FL Secured Transactions Flashcards Preview

FL Secured Transactions > FL Secured Transactions > Flashcards

Flashcards in FL Secured Transactions Deck (48)
Loading flashcards...

In order for a UCC Article 9 security interest to be created, there must be __________.

a consensual security agreement


List the methods of perfecting a security interest in collateral

Filing, control, possession, and automatic perfection


List the types of collateral that can be perfected by possession

goods, negotiable documents, tangible chattel paper, instruments, money.


As a general rule, the buyer of collateral subject to a perfected security interest takes the collateral __________.
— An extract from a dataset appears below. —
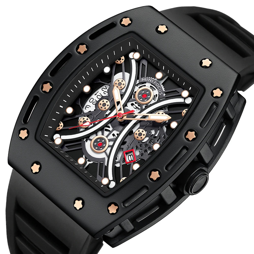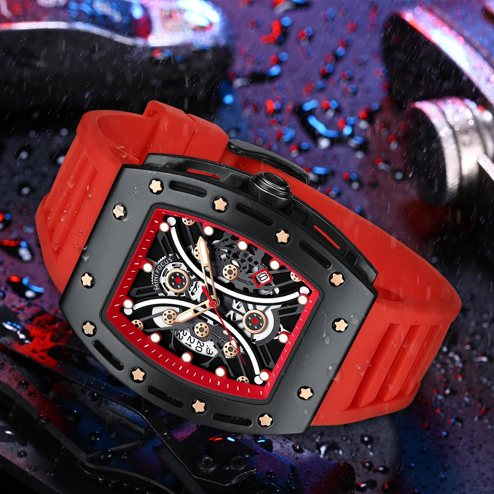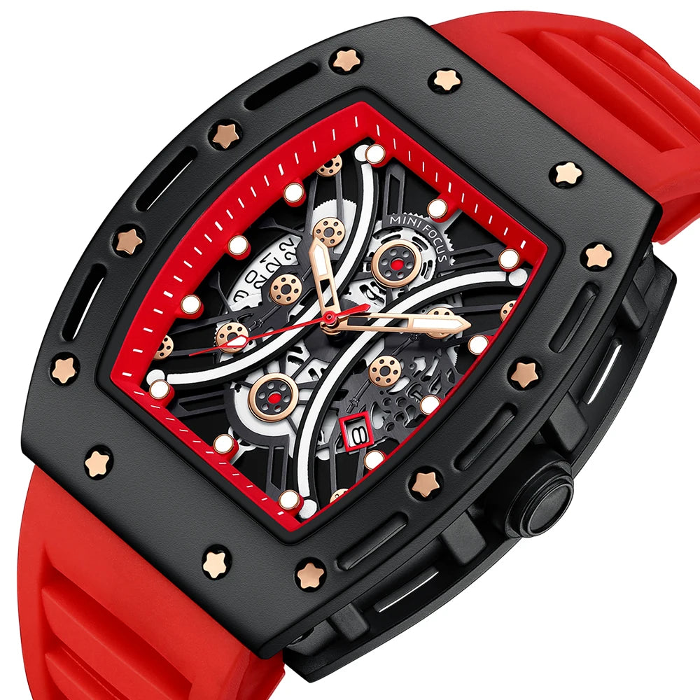 The tonneau case shape adds a touch of elegance to this sporty watch, blending functionality with fashion.

subject to the security interest, unless the secured party authorizes the sale free and clear of the security interest.


Rights of unsecured creditors

1. An unsecured creditor does not have a claim to particular property owned by the debtor.
2. An unsecured creditor can obtain rights in the property of the debtor by obtaining a security interest or a lien in the property.
3. An unsecured creditor with a judicial lien can levy or execute on the particular property of the debtor, making the unsecured creditor a lien creditor.


After collateral is sold or otherwise disposed of, the secured party has an automatically perfected security interest in the proceeds for __________ days.



Determining whether a lease is a secured transaction

1. Leases are only covered under Article 9 when the transaction, although in the form of a lease, is in economic reality or substance, a secured transaction.
2. A transaction in the form of a lease is more likely to be treated as creating a security interest if the lessor does not get something of value back at the end of the lease.
3. The determination of whether a lease is actually a secured transaction is made on a case-by-case basis.


Priority rules for PMSI (Purchase Money Secured Interests)

1. A PMSI in goods other than inventory will prevail over all other security interests in the collateral if the secured party perfects within 20 days of the debtor receiving possession of the collateral.
2. If there are two or more competing PMSIs, the first to file or perfect rule generally governs priority.
3. A PMSI in consumer goods takes priority over all other security interests, no matter when they are perfected.


What are the requirements in order for a buyer of collateral to take the collateral free of an unperfected security interest for which the secured party has not authorized the sale free and clear of the security interest?

1. The buyer must give value for the collateral.
2. The buyer must purchase the collateral without knowledge of the existing security interest.
3. The buyer must receive delivery of the collateral.


What sources do we turn to in order to determine whether a default has occurred?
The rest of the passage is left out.